Records shown:
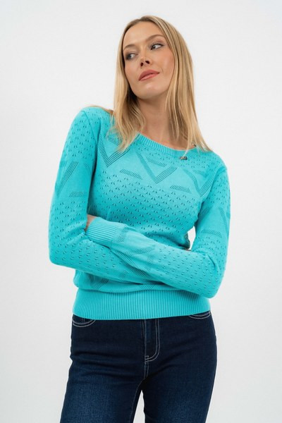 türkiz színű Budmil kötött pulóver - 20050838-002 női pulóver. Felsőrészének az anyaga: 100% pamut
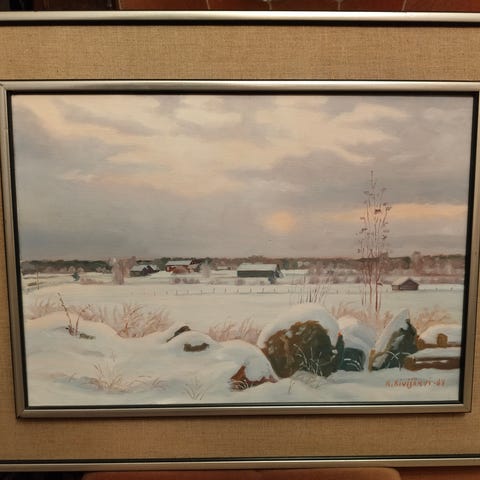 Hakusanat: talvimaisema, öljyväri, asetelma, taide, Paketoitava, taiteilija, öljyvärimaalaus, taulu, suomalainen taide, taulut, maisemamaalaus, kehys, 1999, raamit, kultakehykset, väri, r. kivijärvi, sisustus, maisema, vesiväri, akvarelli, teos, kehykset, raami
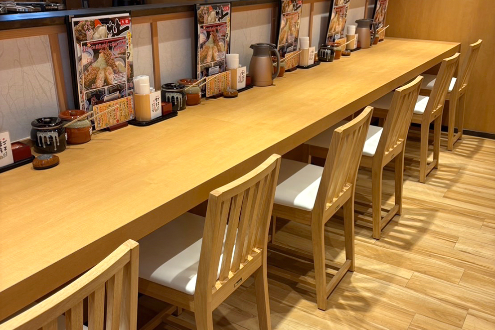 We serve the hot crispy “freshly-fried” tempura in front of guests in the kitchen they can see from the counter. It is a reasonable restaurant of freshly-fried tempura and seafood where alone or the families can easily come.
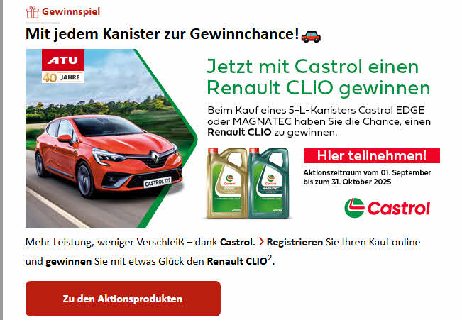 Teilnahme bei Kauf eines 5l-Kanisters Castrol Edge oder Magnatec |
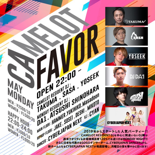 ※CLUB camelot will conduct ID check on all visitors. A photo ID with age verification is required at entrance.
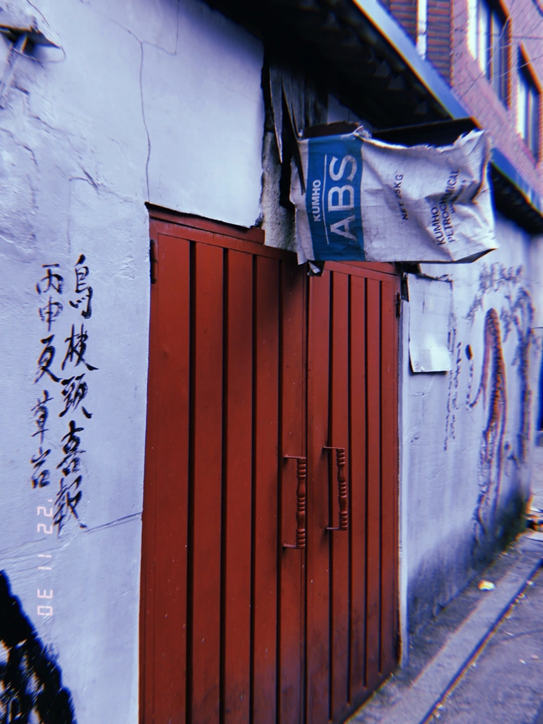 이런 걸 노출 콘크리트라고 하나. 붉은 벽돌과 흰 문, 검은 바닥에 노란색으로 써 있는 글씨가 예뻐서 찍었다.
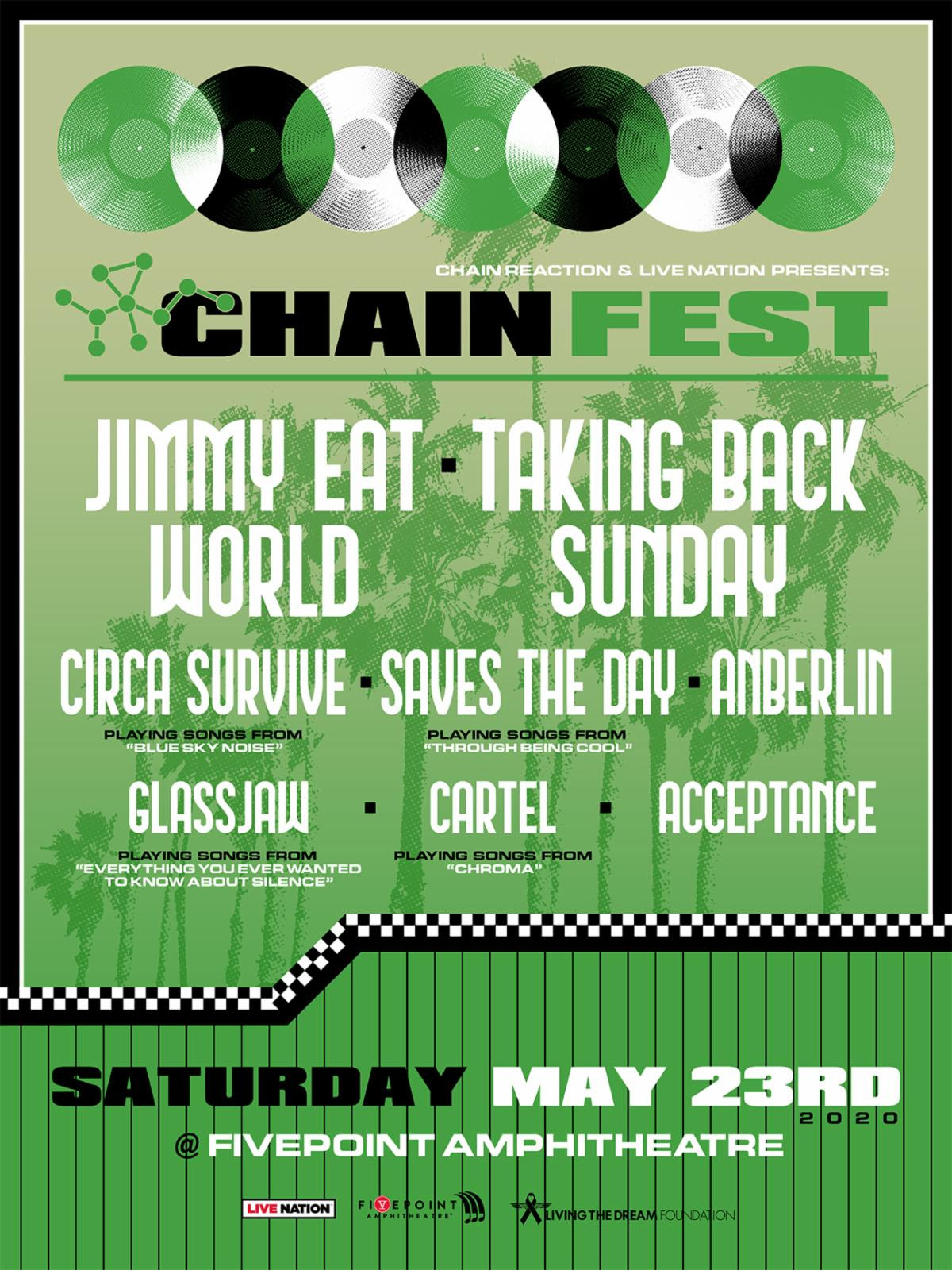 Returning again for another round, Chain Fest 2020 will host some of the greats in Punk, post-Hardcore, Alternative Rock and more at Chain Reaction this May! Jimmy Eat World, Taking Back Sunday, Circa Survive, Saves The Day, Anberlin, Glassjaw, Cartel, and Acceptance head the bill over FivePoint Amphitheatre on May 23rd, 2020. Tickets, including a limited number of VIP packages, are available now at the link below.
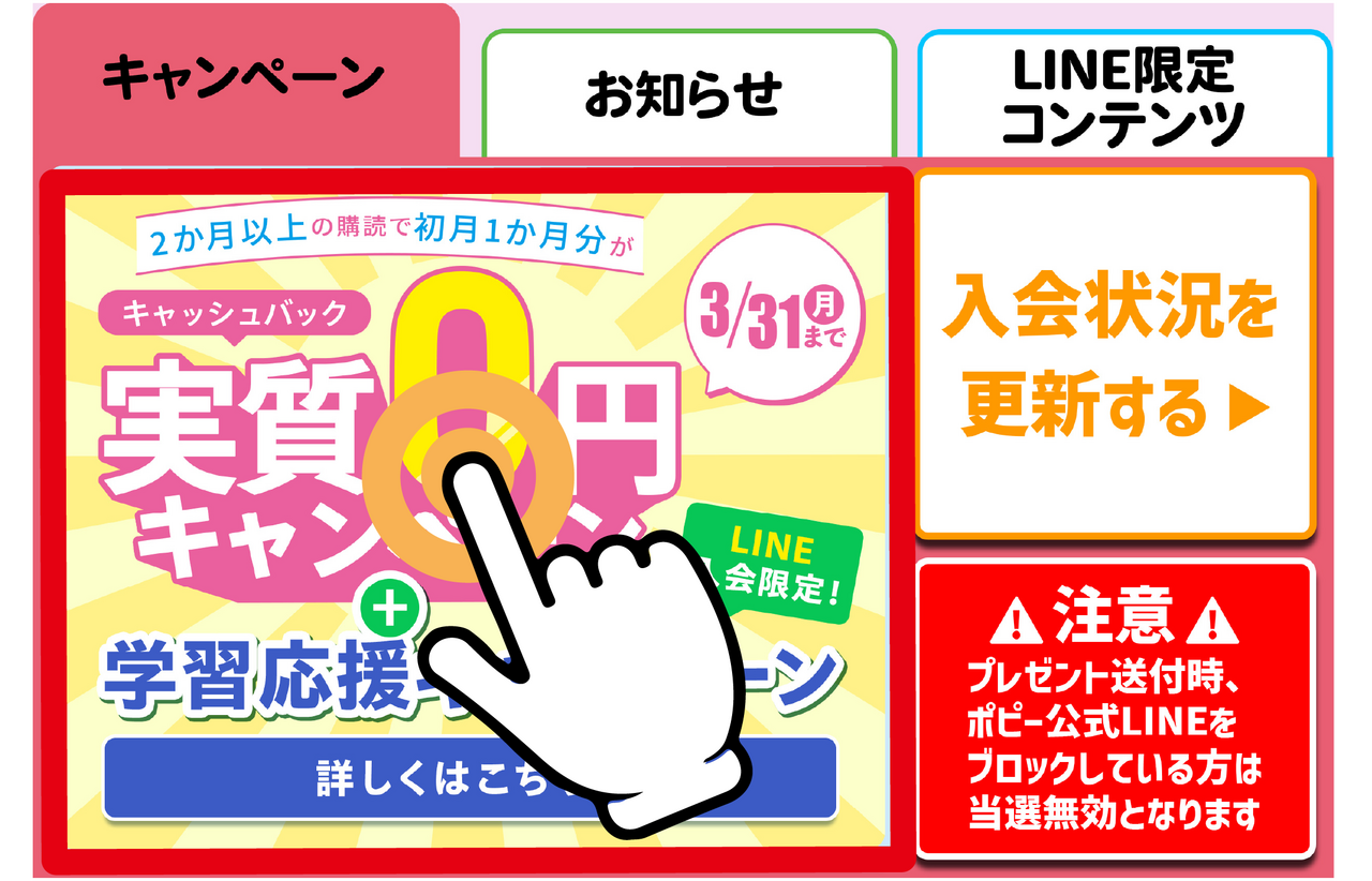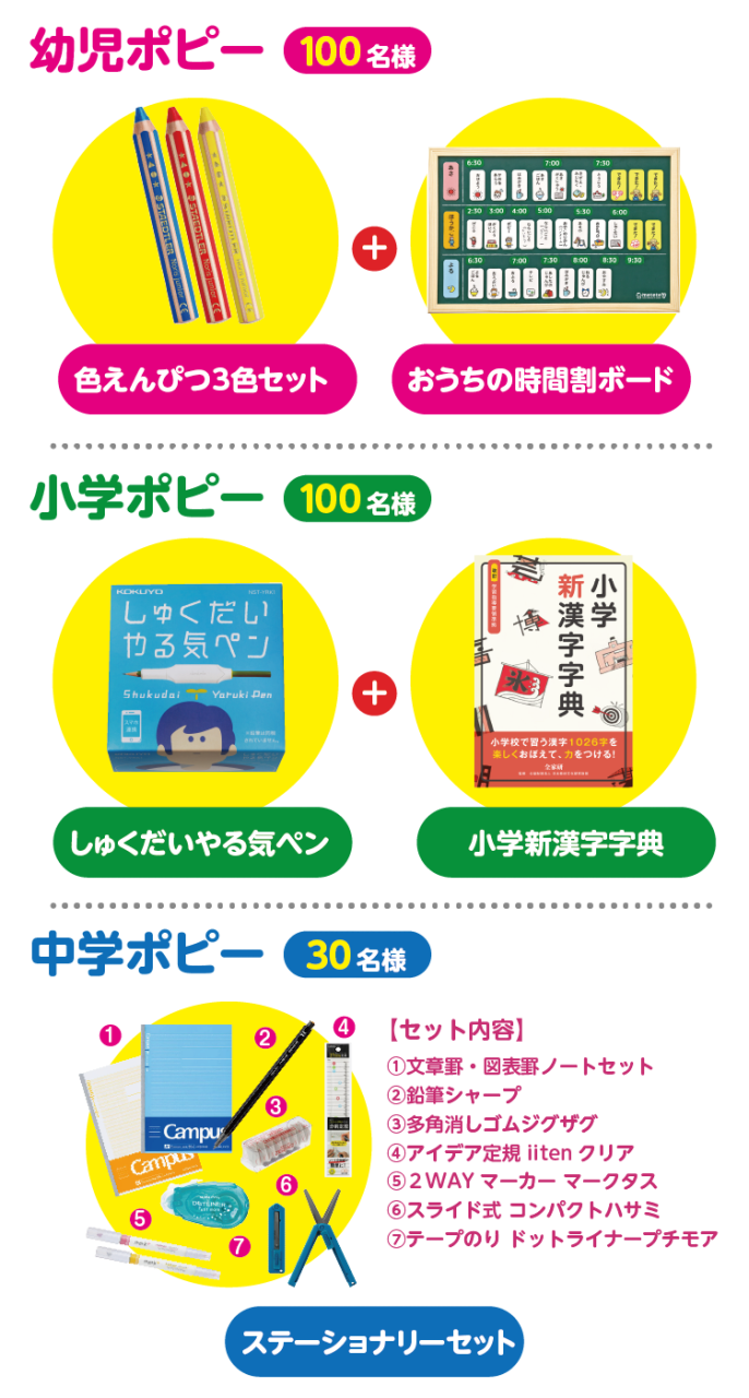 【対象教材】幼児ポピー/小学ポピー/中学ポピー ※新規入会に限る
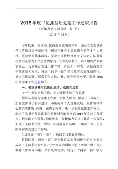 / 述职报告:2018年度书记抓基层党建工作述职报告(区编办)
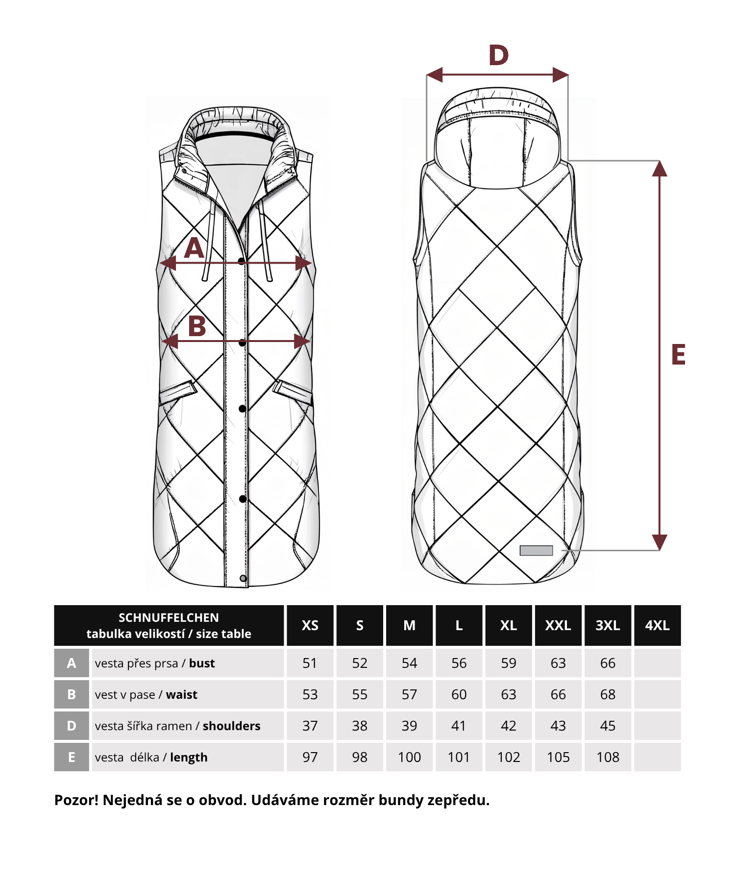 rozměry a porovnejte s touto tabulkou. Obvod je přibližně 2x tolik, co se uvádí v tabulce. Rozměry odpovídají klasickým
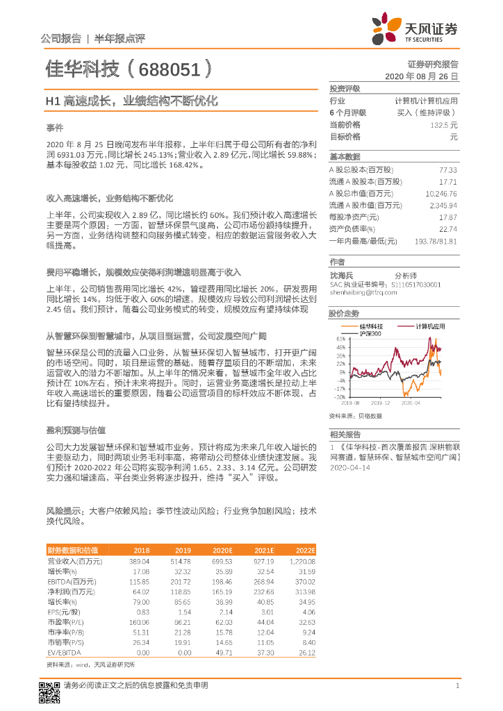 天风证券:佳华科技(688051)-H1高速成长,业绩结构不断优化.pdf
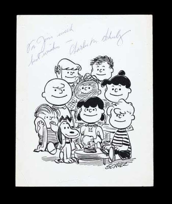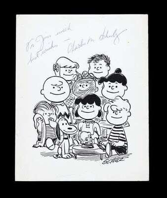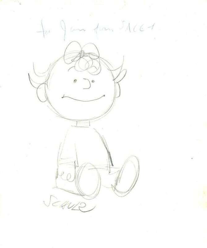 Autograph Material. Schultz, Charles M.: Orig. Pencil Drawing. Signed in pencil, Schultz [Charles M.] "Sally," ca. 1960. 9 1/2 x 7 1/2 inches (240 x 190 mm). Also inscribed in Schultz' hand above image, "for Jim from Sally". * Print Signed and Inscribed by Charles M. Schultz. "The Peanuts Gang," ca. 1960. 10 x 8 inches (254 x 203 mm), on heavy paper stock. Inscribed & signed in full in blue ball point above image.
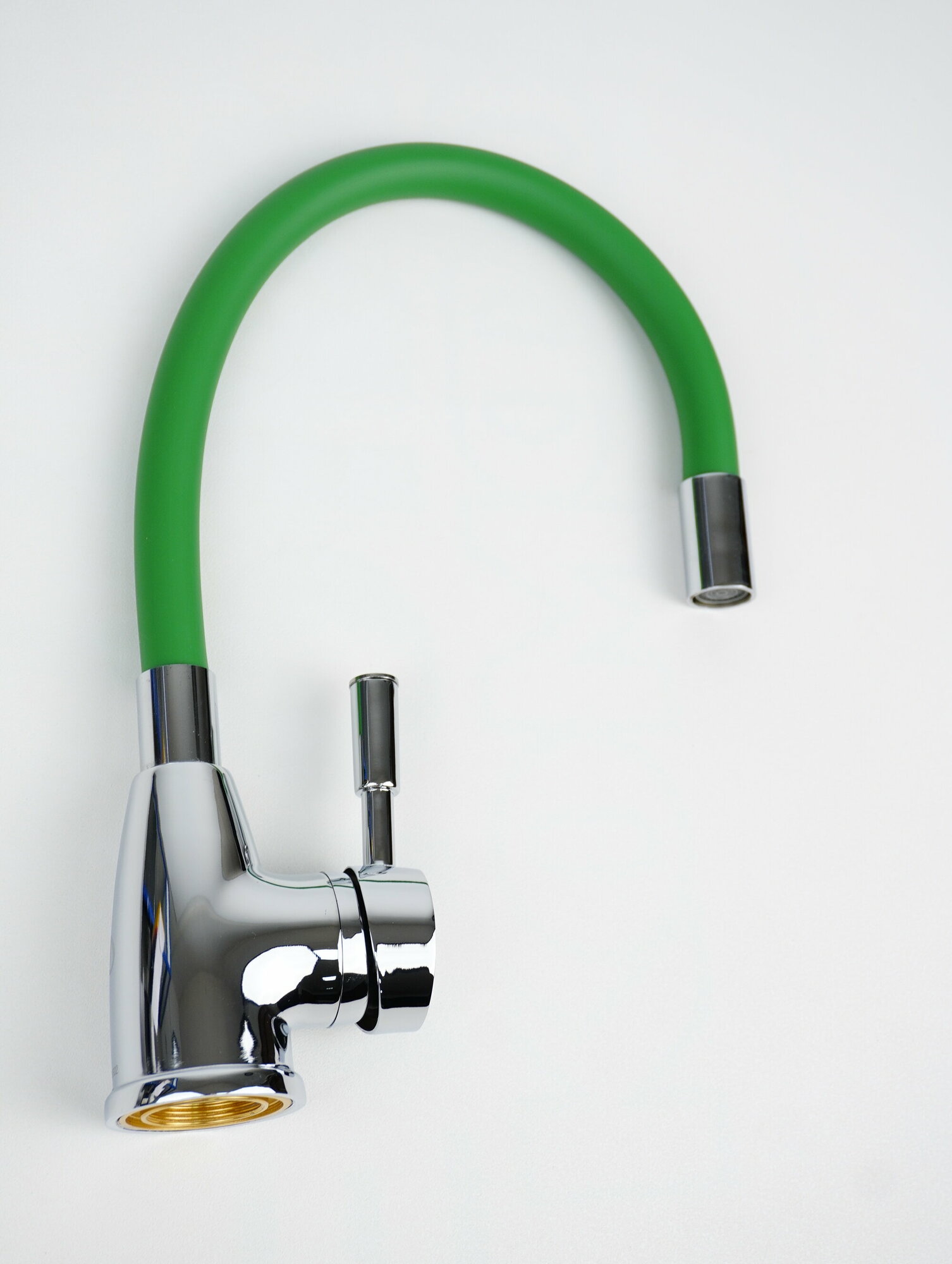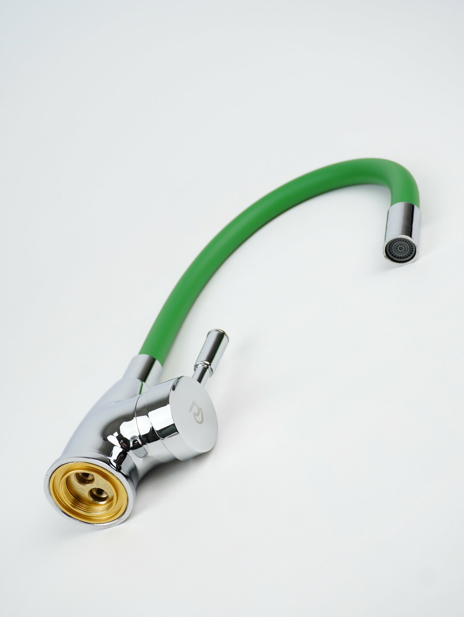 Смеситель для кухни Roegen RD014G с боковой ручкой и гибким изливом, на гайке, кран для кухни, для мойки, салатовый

Your task:
Omit the pictures and repeat the rest of the listing verbatim.

The completed task:
 türkiz színű Budmil kötött pulóver - 20050838-002 női pulóver. Felsőrészének az anyaga: 100% pamut
 Hakusanat: talvimaisema, öljyväri, asetelma, taide, Paketoitava, taiteilija, öljyvärimaalaus, taulu, suomalainen taide, taulut, maisemamaalaus, kehys, 1999, raamit, kultakehykset, väri, r. kivijärvi, sisustus, maisema, vesiväri, akvarelli, teos, kehykset, raami
 We serve the hot crispy “freshly-fried” tempura in front of guests in the kitchen they can see from the counter. It is a reasonable restaurant of freshly-fried tempura and seafood where alone or the families can easily come.
 Teilnahme bei Kauf eines 5l-Kanisters Castrol Edge oder Magnatec |
 ※CLUB camelot will conduct ID check on all visitors. A photo ID with age verification is required at entrance.
 이런 걸 노출 콘크리트라고 하나. 붉은 벽돌과 흰 문, 검은 바닥에 노란색으로 써 있는 글씨가 예뻐서 찍었다.
 Returning again for another round, Chain Fest 2020 will host some of the greats in Punk, post-Hardcore, Alternative Rock and more at Chain Reaction this May! Jimmy Eat World, Taking Back Sunday, Circa Survive, Saves The Day, Anberlin, Glassjaw, Cartel, and Acceptance head the bill over FivePoint Amphitheatre on May 23rd, 2020. Tickets, including a limited number of VIP packages, are available now at the link below.
 【対象教材】幼児ポピー/小学ポピー/中学ポピー ※新規入会に限る
 / 述职报告:2018年度书记抓基层党建工作述职报告(区编办)
 rozměry a porovnejte s touto tabulkou. Obvod je přibližně 2x tolik, co se uvádí v tabulce. Rozměry odpovídají klasickým
 天风证券:佳华科技(688051)-H1高速成长,业绩结构不断优化.pdf
 Autograph Material. Schultz, Charles M.: Orig. Pencil Drawing. Signed in pencil, Schultz [Charles M.] "Sally," ca. 1960. 9 1/2 x 7 1/2 inches (240 x 190 mm). Also inscribed in Schultz' hand above image, "for Jim from Sally". * Print Signed and Inscribed by Charles M. Schultz. "The Peanuts Gang," ca. 1960. 10 x 8 inches (254 x 203 mm), on heavy paper stock. Inscribed & signed in full in blue ball point above image.
 Смеситель для кухни Roegen RD014G с боковой ручкой и гибким изливом, на гайке, кран для кухни, для мойки, салатовый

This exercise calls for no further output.